On 01/22/2014 07:33 PM, Vivek Goyal wrote:
On Mon, Jan 13, 2014 at 01:39:11PM +0100, Marek Grac wrote:
[..]
> if you have a lot of memory, you should set fence_kdump to wait
> longer (default 60 seconds)
> pcs stonith update myfence pcmk_reboot_timeout=600 --force
Hi Marek,
I think this is a problem. How would we know in advance how
much it will take for dump to finish. And it will vary depending
on so many things. (size of memory, speed of network etc).
You don't need to
know this in advance. This is set on cluster-side and
administrator should be able to set this timeout to proper value.
By default, why this value can't be very high? Or this value can act
more like a watchdog. As long as you keep on getting tick, you keep
resetting internal counter. If you don't get a tick (message from
node which is saving vmcore) for 60 seconds, then you assume
that something went wrong with the node and power cycle it.
Trying to keep an upper limit of 60 seconds and assuming dump will
finish in this time, will not help.
This is a general fence agent settings in
cluster and fence_kdump is
only one that uses 'ticking' mechanism, all other should finished in a
much more fixed time.
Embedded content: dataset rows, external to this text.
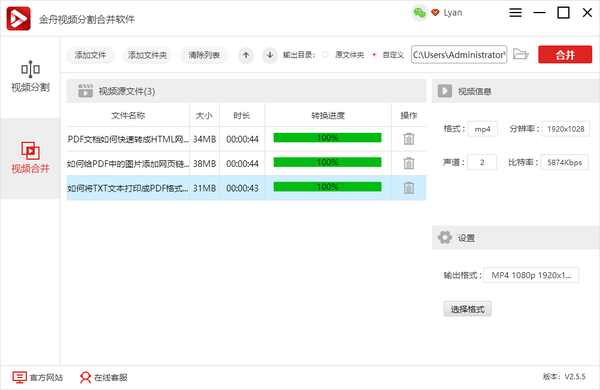 一说到视频分割合并,大家肯定就会想到各种视频剪辑软件。比较专业的软件那得非Pr莫属了,那么这些软件对大神来说当然是完全没有任何的使用难度。但是对于职场小白来说,可就没有那么简单了。单单就只是操作主界面都难倒一片人呢。当然,如果只是单纯想要合并视频文件,其实可以选择一些简单的工具。比如说,这里用到的视频分割合并工具:金舟视频分割合并软件。它除了切割合并视频外,还能转换视频的格式,功能非常强大,下面就一起来看看具体的操作方法吧。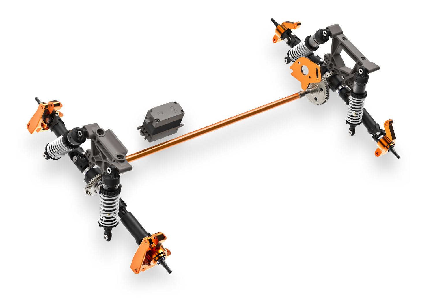 - Anodized-aluminum center driveshaft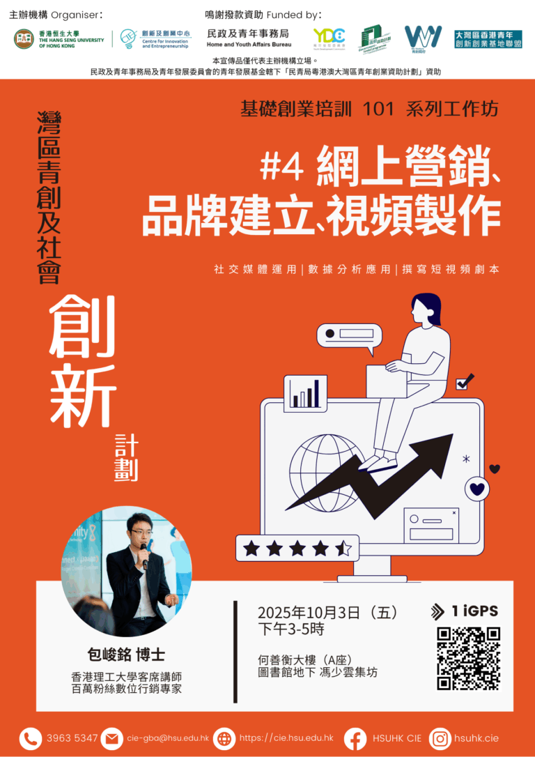 創新及創業中心(CIE)推出的「基礎創業101」系列工作坊,帶你創業!第四場工作坊教你如何利用社交媒體營銷,以數位策略讓創業項目脫穎而出,引來市場關注!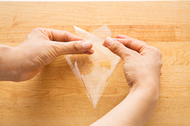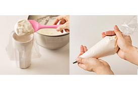 入れ方:絞り出し袋を高さのある入れ物に入れ、縁を折り返します。絞り出し袋に入れる材料は、半分くらいまでがベストです。

Setting this value for kdump agent is fine as
fence_kdump itself contains a different timeout mechanism which are
based on 'ticks'. I agree that it should be explained in
documentation/kbase but it is not something what can be changed on fence
agent level.
Cluster (pacemaker/corosync) accepts that some fence agents are slower
than others, so it is possible to set this timeout value on
per-instance-of-agent with given command.